• _Problem_: Restate all of the following data exactly, keeping any images out of the copy.

• _The data_:
= = = = =
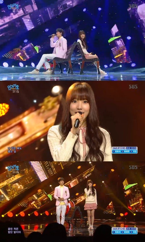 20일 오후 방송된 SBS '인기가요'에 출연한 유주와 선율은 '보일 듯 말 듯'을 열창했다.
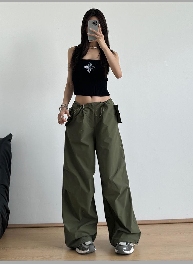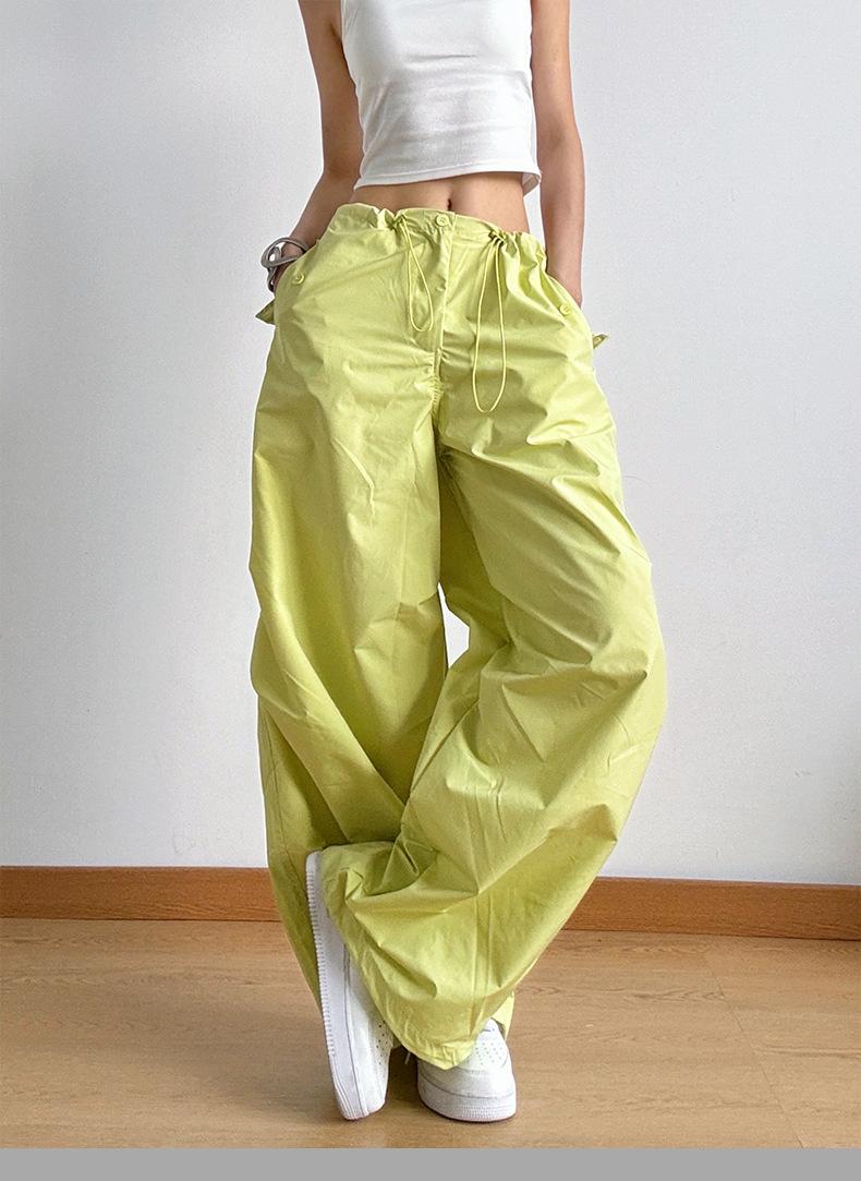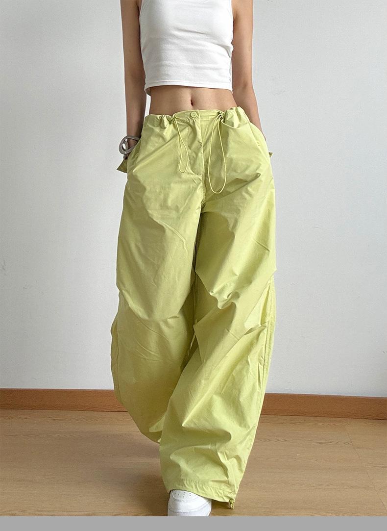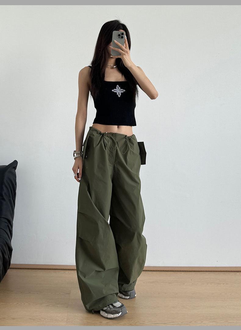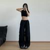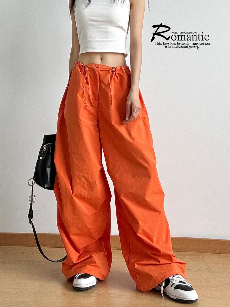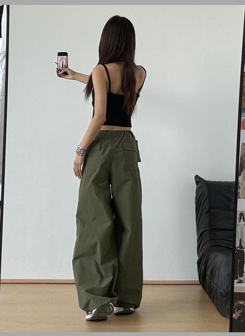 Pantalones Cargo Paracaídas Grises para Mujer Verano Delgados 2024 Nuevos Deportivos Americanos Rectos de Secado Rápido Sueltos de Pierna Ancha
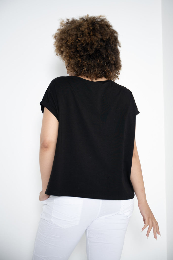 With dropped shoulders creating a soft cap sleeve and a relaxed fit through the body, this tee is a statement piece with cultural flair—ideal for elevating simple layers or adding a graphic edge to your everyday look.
= = = = =
• _Answer for the task_:
 20일 오후 방송된 SBS '인기가요'에 출연한 유주와 선율은 '보일 듯 말 듯'을 열창했다.
 Pantalones Cargo Paracaídas Grises para Mujer Verano Delgados 2024 Nuevos Deportivos Americanos Rectos de Secado Rápido Sueltos de Pierna Ancha
 With dropped shoulders creating a soft cap sleeve and a relaxed fit through the body, this tee is a statement piece with cultural flair—ideal for elevating simple layers or adding a graphic edge to your everyday look.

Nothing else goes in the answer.